Domestic team information
- 1973–1978: Sussex

Career statistics
| Competition | First-class | List A |
| Matches | 24 | 12 |
| Runs scored | 315 | 53 |
| Batting average | 14.31 | 10.60 |
| 100s/50s | –/– | –/– |
| Top score | 37 | 28 |
| Balls bowled | 3,365 | 498 |
| Wickets | 49 | 9 |
| Bowling average | 39.32 | 32.77 |
| 5 wickets in innings | – | – |
| 10 wickets in match | – | – |
| Best bowling | 4/37 | 2/29 |
| Catches/stumpings | 6/– | –/– |
- Source: Cricinfo, 12 March 2012

= Roger Marshall (cricketer) =

English cricketer

Roger Philip Twells Marshall (born 28 February 1952) is a former English cricketer. Marshall was a right-handed batsman who bowled left-arm fast-medium.

Marshall was born at Horsham, Sussex, and educated at Charterhouse School, where he captained the school cricket team in his final year in 1970. He played for the Public Schools at Lord's in 1969.
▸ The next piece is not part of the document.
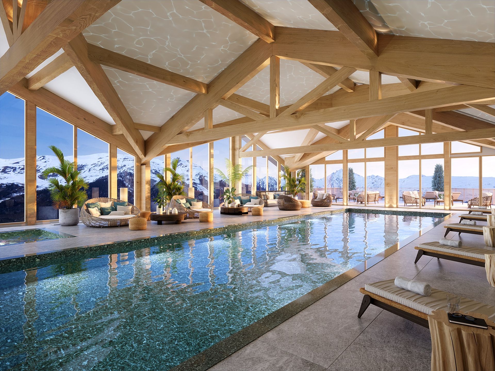 Le Coeur des Cimes, résidence de tourisme située à La Plagne de 84 logements, du 2 au 5 pièces dont certains en duplex. Résidence haute de gamme située aux pieds des pistes de la station La Plagne - Montalbert. Espace extérieur pour la plupart des logements, casiers à ski chauffés, caves, emplacement de stationnement en sous-sol pour la plupart, espace bien-être au sein de la résidence (piscine intérieure chauffée, jacuzzi, hammam...), logements meublés et équipés. Care Promotion Arc Alpin

Marshall made his first-class debut for Sussex against the touring West Indians in 1973. Wisden noted after his debut season that Marshall, "with his flowing ginger hair, brought some colour to the scene".

He appeared infrequently for the county's first eleven over six seasons, making the last of his 24 first-class appearances against Hampshire in the 1978 County Championship. Playing primarily as a bowler, Marshall took 49 wickets in first-class cricket, which came at an average of 39.32, with best figures of 4 for 37 against Glamorgan in 1973. With the bat, he scored a total of 315 runs at a batting average of 14.31, with a high score of 37.

Marshall also played List A cricket for the county, making his debut in that format against Northamptonshire in the 1973 John Player League. He featured in this format even less frequently than he did in first-class cricket, making eleven further List A appearances for Sussex, the last of which came against Kent in the 1978 John Player League. In his twelve List A appearances, he took 9 wickets at an average of 32.77, with best figures of 2/29. With the bat, he scored a total of 53 runs at an average of 10.60, with a high score of 28.